Action item: Begin at the line that has "Sportif şıklığı teknik", stop after the line that has "9月22日晚6:30,882", and print exactly those lines from the records below, without any pictures.

The data:
────────

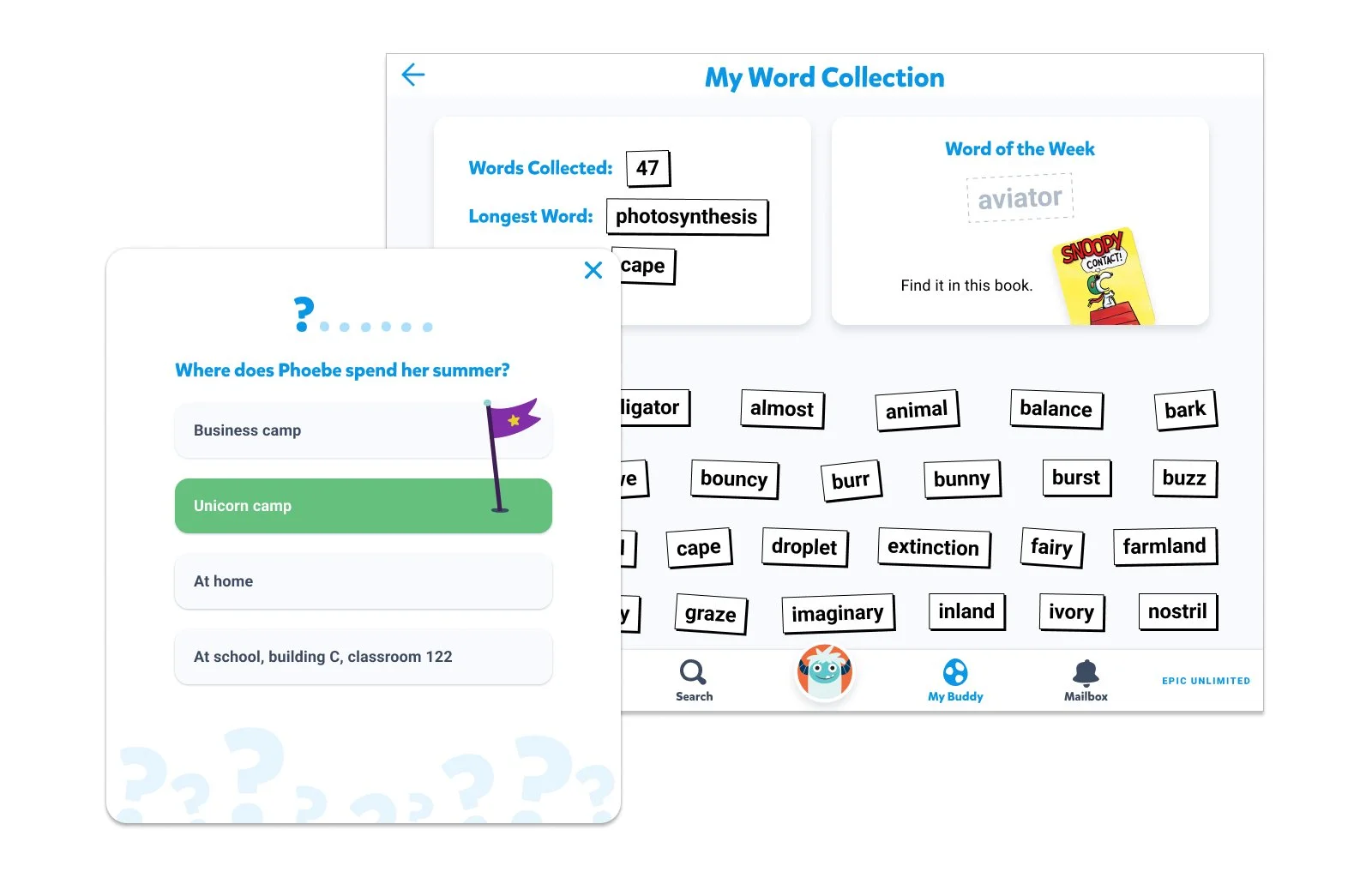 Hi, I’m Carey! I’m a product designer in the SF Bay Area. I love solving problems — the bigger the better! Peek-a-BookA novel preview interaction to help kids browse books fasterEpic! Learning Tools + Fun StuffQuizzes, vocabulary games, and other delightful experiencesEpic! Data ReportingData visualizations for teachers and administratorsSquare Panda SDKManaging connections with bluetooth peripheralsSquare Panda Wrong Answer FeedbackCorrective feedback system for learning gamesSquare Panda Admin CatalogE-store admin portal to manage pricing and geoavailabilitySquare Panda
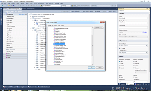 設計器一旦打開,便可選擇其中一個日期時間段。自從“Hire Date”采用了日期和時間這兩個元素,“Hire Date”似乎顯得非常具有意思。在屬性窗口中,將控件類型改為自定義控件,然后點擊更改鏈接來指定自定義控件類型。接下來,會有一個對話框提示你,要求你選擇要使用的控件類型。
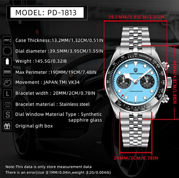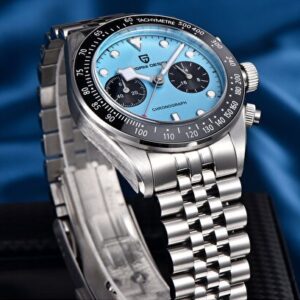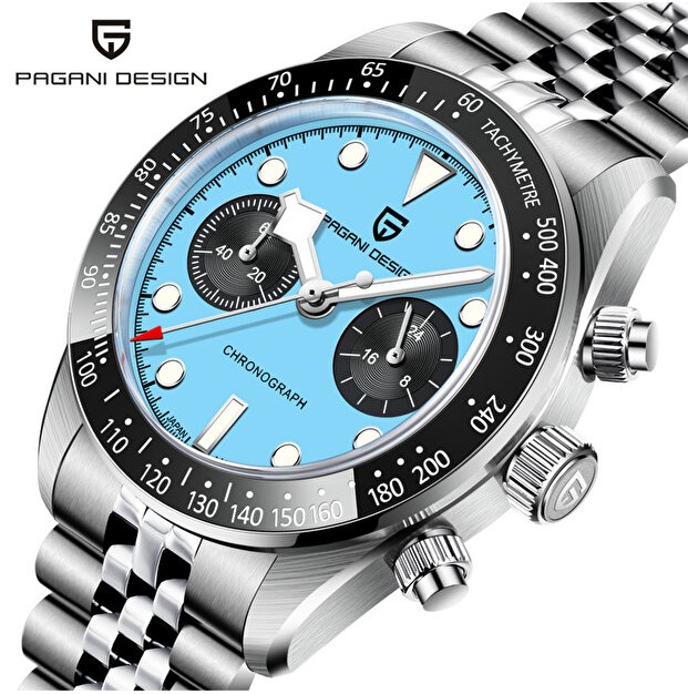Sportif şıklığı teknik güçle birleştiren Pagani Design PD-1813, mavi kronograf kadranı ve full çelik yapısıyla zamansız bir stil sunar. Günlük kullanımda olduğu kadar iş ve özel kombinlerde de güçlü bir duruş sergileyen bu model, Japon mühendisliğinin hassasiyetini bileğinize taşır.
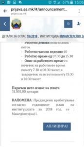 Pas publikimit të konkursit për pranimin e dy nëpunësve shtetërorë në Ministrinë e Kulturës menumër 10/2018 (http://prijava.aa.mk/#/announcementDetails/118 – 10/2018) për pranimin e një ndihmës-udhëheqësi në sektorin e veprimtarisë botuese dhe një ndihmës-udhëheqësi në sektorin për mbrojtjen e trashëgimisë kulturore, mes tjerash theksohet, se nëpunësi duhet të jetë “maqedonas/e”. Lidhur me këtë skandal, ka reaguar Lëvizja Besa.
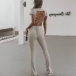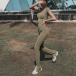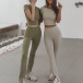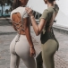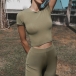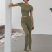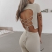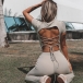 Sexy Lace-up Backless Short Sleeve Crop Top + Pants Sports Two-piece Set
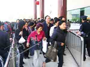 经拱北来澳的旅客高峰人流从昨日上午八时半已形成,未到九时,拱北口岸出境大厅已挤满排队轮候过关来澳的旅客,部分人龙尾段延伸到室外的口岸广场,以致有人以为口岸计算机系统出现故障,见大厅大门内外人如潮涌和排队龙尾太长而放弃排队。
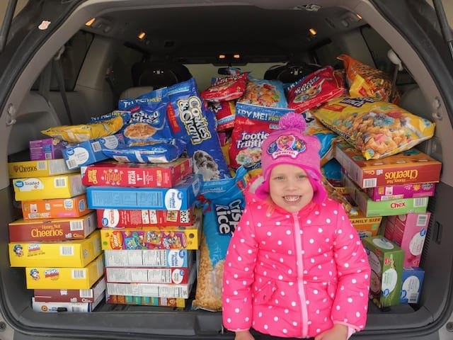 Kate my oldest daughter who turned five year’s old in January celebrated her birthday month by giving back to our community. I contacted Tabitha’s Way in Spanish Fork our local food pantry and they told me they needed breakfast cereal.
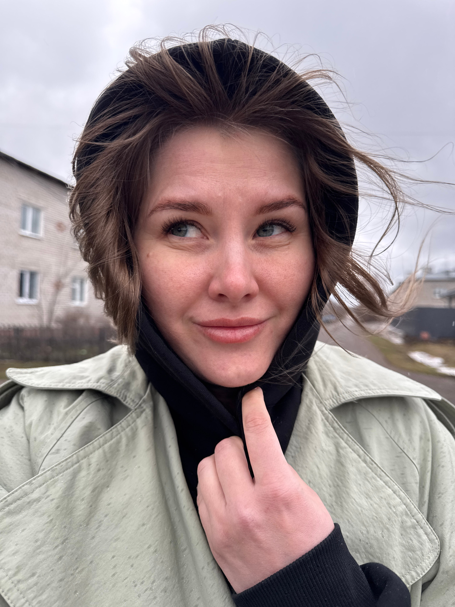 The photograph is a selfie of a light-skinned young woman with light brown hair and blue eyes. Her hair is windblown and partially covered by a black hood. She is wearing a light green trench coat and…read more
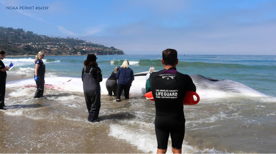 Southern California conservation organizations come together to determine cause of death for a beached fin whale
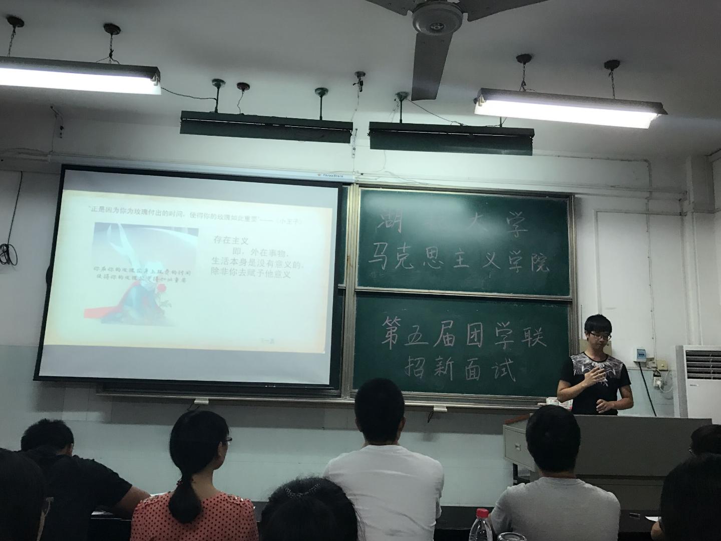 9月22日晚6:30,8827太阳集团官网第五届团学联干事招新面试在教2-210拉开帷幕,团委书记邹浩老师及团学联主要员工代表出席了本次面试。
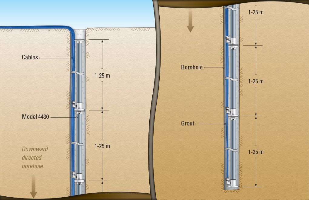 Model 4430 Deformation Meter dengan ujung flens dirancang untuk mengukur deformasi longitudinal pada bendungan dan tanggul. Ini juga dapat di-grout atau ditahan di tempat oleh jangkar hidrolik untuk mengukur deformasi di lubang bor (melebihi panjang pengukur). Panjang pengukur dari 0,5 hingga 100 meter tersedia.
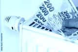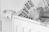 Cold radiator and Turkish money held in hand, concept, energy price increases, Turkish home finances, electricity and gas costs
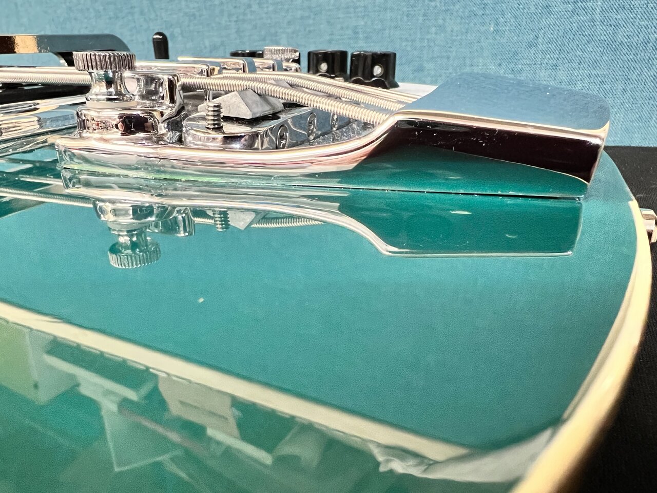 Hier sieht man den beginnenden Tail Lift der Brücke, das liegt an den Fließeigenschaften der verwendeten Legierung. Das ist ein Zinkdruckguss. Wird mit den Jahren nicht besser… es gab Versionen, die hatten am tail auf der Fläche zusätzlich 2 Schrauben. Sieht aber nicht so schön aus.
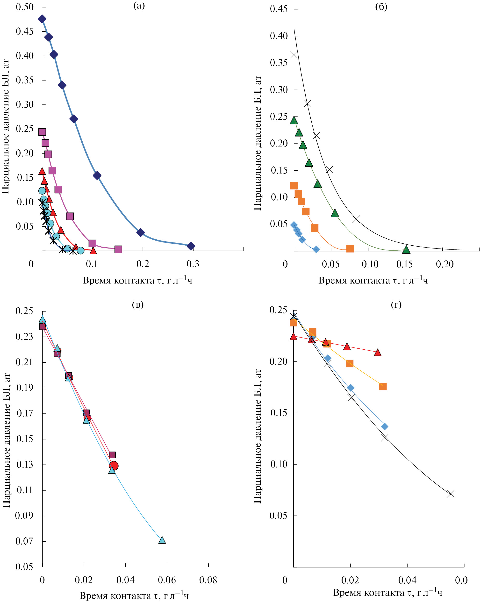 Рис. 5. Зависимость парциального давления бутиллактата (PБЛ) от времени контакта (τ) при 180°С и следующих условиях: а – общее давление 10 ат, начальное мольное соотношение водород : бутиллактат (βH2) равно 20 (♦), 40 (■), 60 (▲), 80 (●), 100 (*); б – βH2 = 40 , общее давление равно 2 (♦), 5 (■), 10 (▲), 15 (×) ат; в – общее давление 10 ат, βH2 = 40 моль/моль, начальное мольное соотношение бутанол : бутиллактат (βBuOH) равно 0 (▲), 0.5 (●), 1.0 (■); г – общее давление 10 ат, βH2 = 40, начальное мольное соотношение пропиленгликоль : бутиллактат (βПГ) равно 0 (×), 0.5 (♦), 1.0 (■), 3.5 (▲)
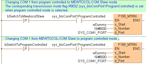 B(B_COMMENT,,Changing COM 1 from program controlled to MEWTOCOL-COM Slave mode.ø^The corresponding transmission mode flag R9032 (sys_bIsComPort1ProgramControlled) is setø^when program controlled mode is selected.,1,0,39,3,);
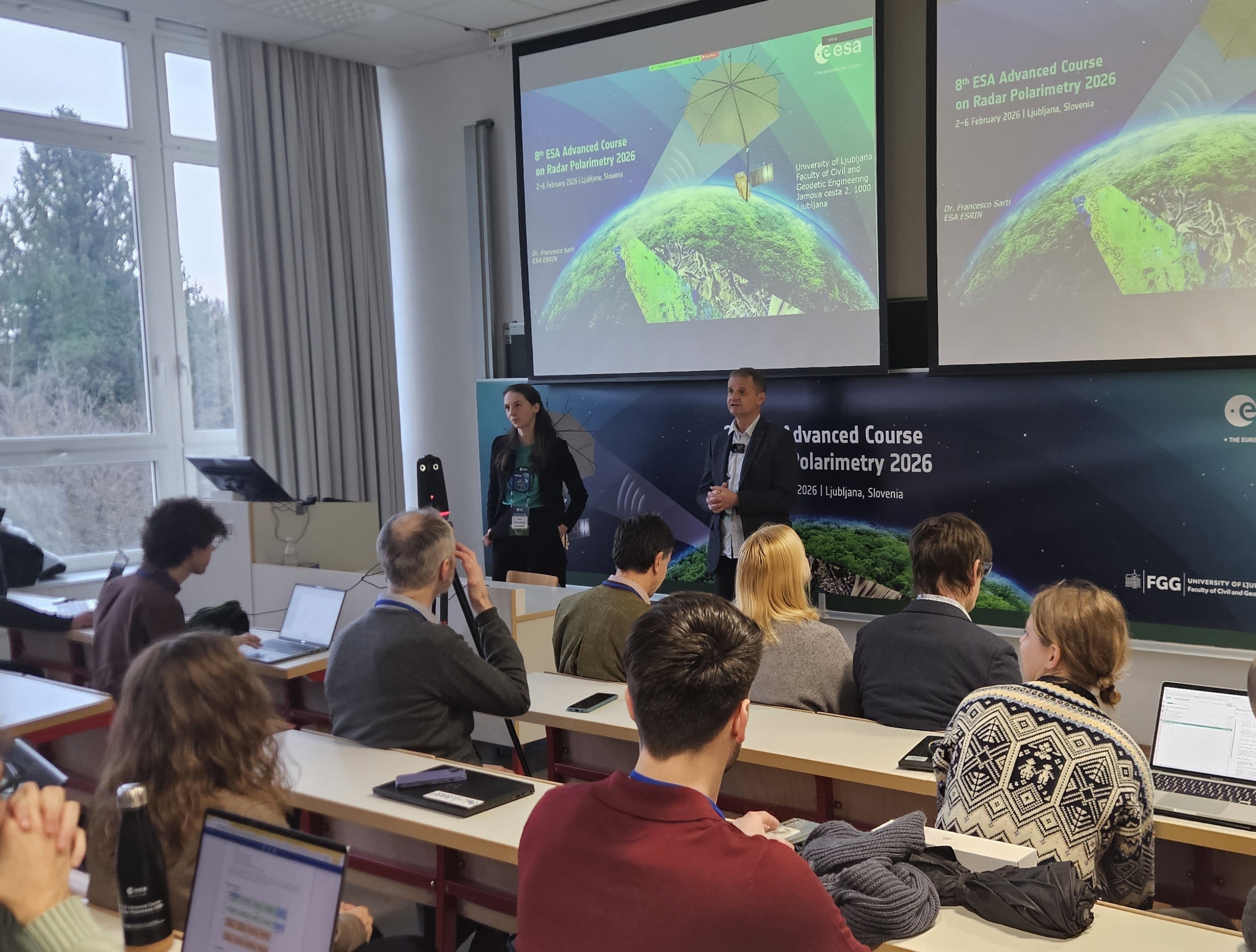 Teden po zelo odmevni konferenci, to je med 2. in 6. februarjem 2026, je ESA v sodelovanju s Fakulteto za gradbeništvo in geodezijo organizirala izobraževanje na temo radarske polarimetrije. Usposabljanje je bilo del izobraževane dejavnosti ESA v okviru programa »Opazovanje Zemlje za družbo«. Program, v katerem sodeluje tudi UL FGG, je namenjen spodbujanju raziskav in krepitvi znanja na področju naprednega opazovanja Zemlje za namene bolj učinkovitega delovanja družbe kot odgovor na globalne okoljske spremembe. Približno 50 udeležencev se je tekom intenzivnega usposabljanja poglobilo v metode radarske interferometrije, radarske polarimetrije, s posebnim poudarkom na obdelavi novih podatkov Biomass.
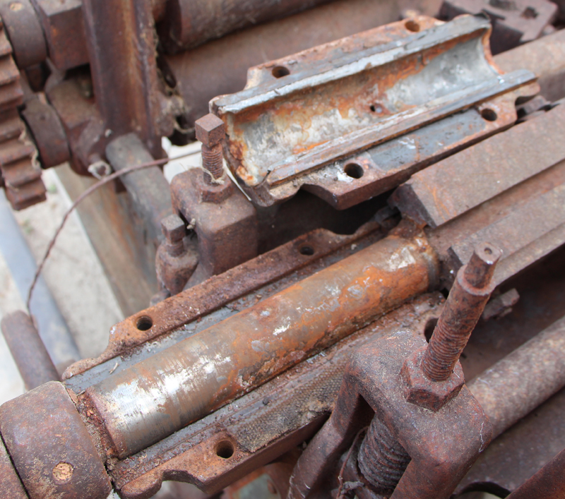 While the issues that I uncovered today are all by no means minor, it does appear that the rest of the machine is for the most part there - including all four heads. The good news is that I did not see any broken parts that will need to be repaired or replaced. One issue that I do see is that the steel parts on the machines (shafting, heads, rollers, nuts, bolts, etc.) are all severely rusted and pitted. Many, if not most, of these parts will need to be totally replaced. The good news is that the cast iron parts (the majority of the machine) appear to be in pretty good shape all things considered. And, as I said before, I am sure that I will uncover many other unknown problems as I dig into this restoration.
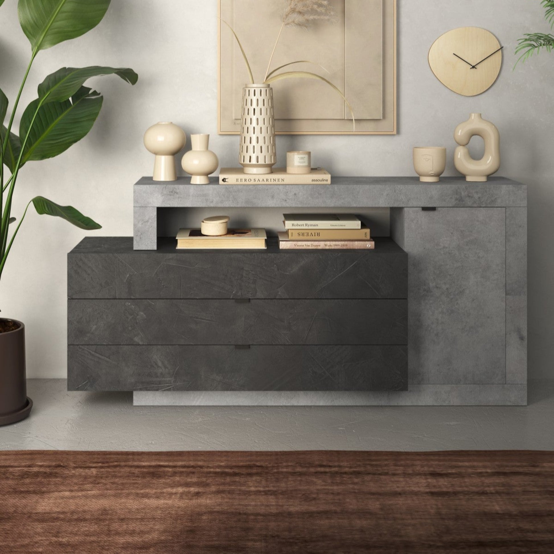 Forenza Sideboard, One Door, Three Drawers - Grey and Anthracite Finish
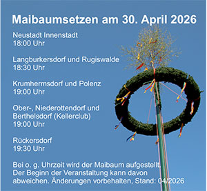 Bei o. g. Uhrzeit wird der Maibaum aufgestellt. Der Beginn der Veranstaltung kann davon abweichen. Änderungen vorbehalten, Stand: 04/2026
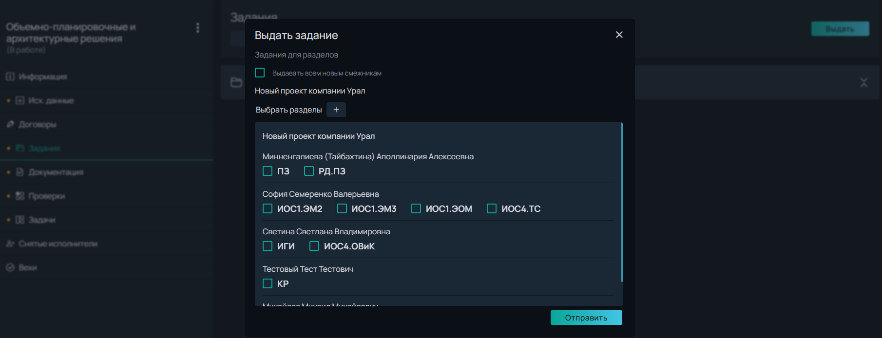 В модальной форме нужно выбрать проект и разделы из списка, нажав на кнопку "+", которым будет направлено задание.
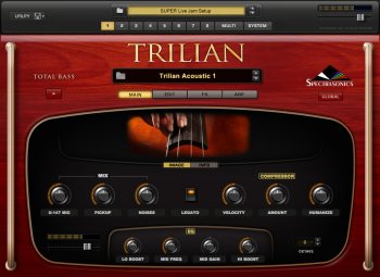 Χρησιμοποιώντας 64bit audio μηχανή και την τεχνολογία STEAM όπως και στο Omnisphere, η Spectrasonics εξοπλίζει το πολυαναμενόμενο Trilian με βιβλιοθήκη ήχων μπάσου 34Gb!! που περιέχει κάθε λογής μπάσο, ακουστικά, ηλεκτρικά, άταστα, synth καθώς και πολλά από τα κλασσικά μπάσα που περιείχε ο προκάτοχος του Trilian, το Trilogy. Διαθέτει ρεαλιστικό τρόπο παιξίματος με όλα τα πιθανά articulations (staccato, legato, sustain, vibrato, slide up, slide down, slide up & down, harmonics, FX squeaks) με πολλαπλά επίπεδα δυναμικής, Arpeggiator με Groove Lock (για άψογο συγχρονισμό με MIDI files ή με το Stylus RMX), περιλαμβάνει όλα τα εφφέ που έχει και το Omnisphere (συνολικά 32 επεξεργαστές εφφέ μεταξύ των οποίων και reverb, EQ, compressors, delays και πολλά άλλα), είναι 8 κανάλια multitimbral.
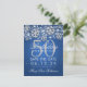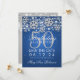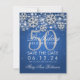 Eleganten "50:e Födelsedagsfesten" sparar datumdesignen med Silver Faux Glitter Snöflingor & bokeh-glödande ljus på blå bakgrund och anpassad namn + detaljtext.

────────

Task answer:
Sportif şıklığı teknik güçle birleştiren Pagani Design PD-1813, mavi kronograf kadranı ve full çelik yapısıyla zamansız bir stil sunar. Günlük kullanımda olduğu kadar iş ve özel kombinlerde de güçlü bir duruş sergileyen bu model, Japon mühendisliğinin hassasiyetini bileğinize taşır.
 Pas publikimit të konkursit për pranimin e dy nëpunësve shtetërorë në Ministrinë e Kulturës menumër 10/2018 (http://prijava.aa.mk/#/announcementDetails/118 – 10/2018) për pranimin e një ndihmës-udhëheqësi në sektorin e veprimtarisë botuese dhe një ndihmës-udhëheqësi në sektorin për mbrojtjen e trashëgimisë kulturore, mes tjerash theksohet, se nëpunësi duhet të jetë “maqedonas/e”. Lidhur me këtë skandal, ka reaguar Lëvizja Besa.
 Sexy Lace-up Backless Short Sleeve Crop Top + Pants Sports Two-piece Set
 经拱北来澳的旅客高峰人流从昨日上午八时半已形成,未到九时,拱北口岸出境大厅已挤满排队轮候过关来澳的旅客,部分人龙尾段延伸到室外的口岸广场,以致有人以为口岸计算机系统出现故障,见大厅大门内外人如潮涌和排队龙尾太长而放弃排队。
 Kate my oldest daughter who turned five year’s old in January celebrated her birthday month by giving back to our community. I contacted Tabitha’s Way in Spanish Fork our local food pantry and they told me they needed breakfast cereal.
 The photograph is a selfie of a light-skinned young woman with light brown hair and blue eyes. Her hair is windblown and partially covered by a black hood. She is wearing a light green trench coat and…read more
 Southern California conservation organizations come together to determine cause of death for a beached fin whale
 9月22日晚6:30,8827太阳集团官网第五届团学联干事招新面试在教2-210拉开帷幕,团委书记邹浩老师及团学联主要员工代表出席了本次面试。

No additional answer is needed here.